For example, radical polymerization is preferred as the polymerization method. The monomer concentration is 2-3% by weight, preferably 5-30% by weight. The polymerization initiator is not particularly limited as long as it is water-soluble, and it is usually used after being dissolved in an aqueous monomer solution. Specifically, peroxides such as hydrogen peroxide and benzoyl peroxide,
persulfates such as sodium persulfate, potassium persulfate, ammonium persulfate; bromates such as sodium bromate, potassium bromate; perborates such as sodium perborate, potassium perborate, ammonium perborate; percarbonates such as sodium percarbonate, potassium percarbonate, ammonium percarbonate, superphosphates such as sodium perphosphate, potassium perphosphate, ammonium perphosphate, tert
, -butyl peroxide and the like. in this case,
Although it can be used alone, it can also be used as a redox polymerization agent in combination with a reducing agent. Examples of reducing agents include sulfites, bisulfites, salts of lower ionization such as iron, copper, and cobalt, breeding amines such as N, N, N', N''-tetramethylethylenediamine, and aldoses and ketoses. Examples include reducing sugars such as

In addition, as an azo compound, 2,2'-azobis-4-
Amidinopropane hydrochloride, 2,2'-azobis-2,4
-dimethylvaleronitrile, 4.4°-azobis-4-
Ciatsuvaleic acid and its salts, etc. can be used. Furthermore, it is also possible to use 2 g or more of the above-mentioned polymerization initiator.

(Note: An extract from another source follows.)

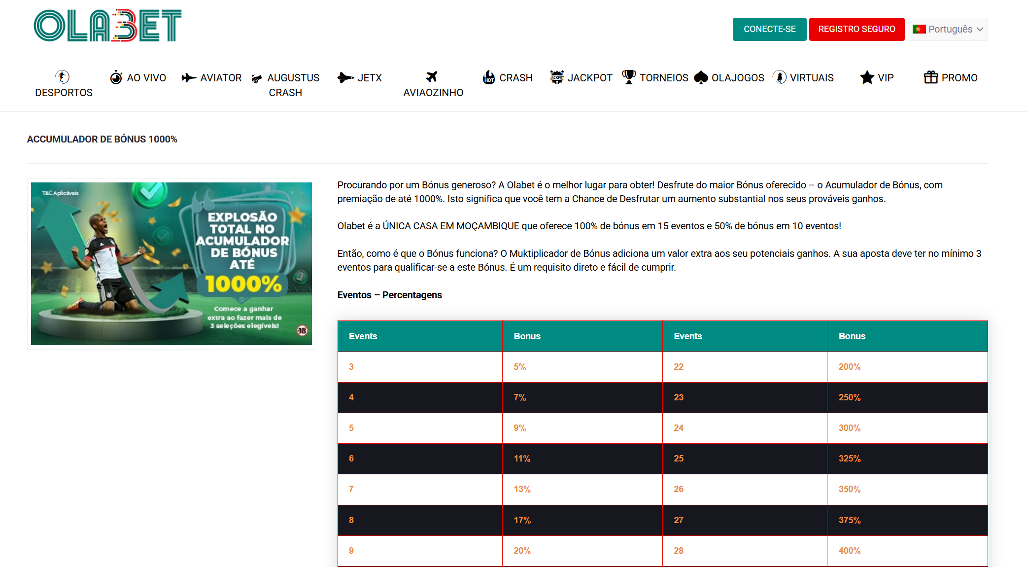 A Olabet é a ÚNICA em Moçambique a oferecer 100% de bónus em 15 eventos e 50% em 10!
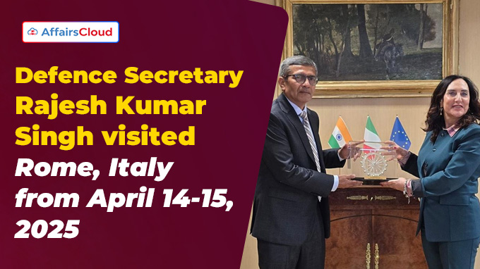 Rajesh Kumar Singh,Secretary, Ministry of Defence (MoD), visited Rome (Italy) from April 14 to 15, 2025 to bolster India-Italy strategic partnership in defence.

Polymerization temperatures are lower (generally 3
The temperature is 0 to 90°C, and in the case of a redox polymerization initiator, it is lower, approximately 5 to 50°C. Further, during polymerization, it is not necessarily necessary to maintain the same temperature, and it may be changed as appropriate as the polymerization progresses, and the temperature is generally increased by the polymerization heat generated as the polymerization progresses. The atmosphere inside the polymerization vessel at this time is not particularly limited, but in order to speed up the polymerization, it is better to replace the atmosphere with an inert gas such as nitrogen gas. The polymerization time is not particularly limited, but is approximately 1 to 20 hours.

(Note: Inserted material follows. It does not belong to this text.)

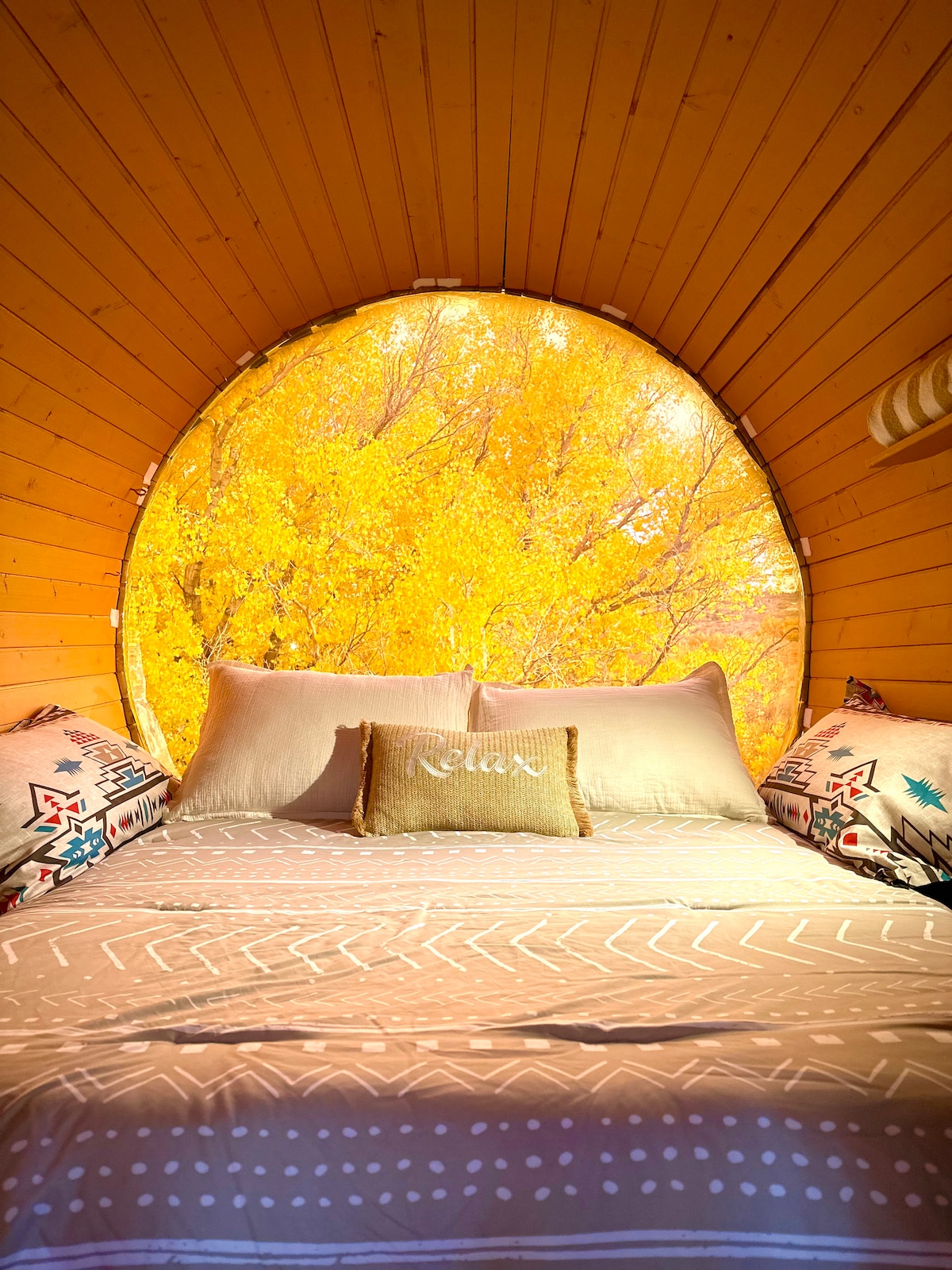 [Mandatory liability waiver signing upon arrival.] This 8-acre haven is not suitable for children under 18 due to the natural terrain, river access, and steep cliffs. NO DOGS (ADA only) Eagle Eye is a cedar sauna converted into a suite, perched atop a limestone cliff overlooking the enchanting creek, offering a unique and immersive experience like no other. With its concave window framing sunrise vistas, guests are treated to a cozy front-row seat to nature's spectacle.. Eagle Eye. 🦅👁️

The molecular weight of the papermaking additive of the present invention is currently generally PAM
It may be the same as that used as a papermaking additive, and may have a weight average molecular weight of about 100,000 to 2,000,000.

The papermaking additive according to claim 1 is added in an amount of 0.03wt% to 3wt% based on the solid content of the papermaking pulp raw material.
It is added within the range of 0.1wt% to 2wt%, preferably 0.1wt% to 2wt%.
%. The reason why this range is necessary is that if it is less than 0.03 wt%, the effect of increasing paper strength is small and if it exceeds 3 wt%, it is uneconomical.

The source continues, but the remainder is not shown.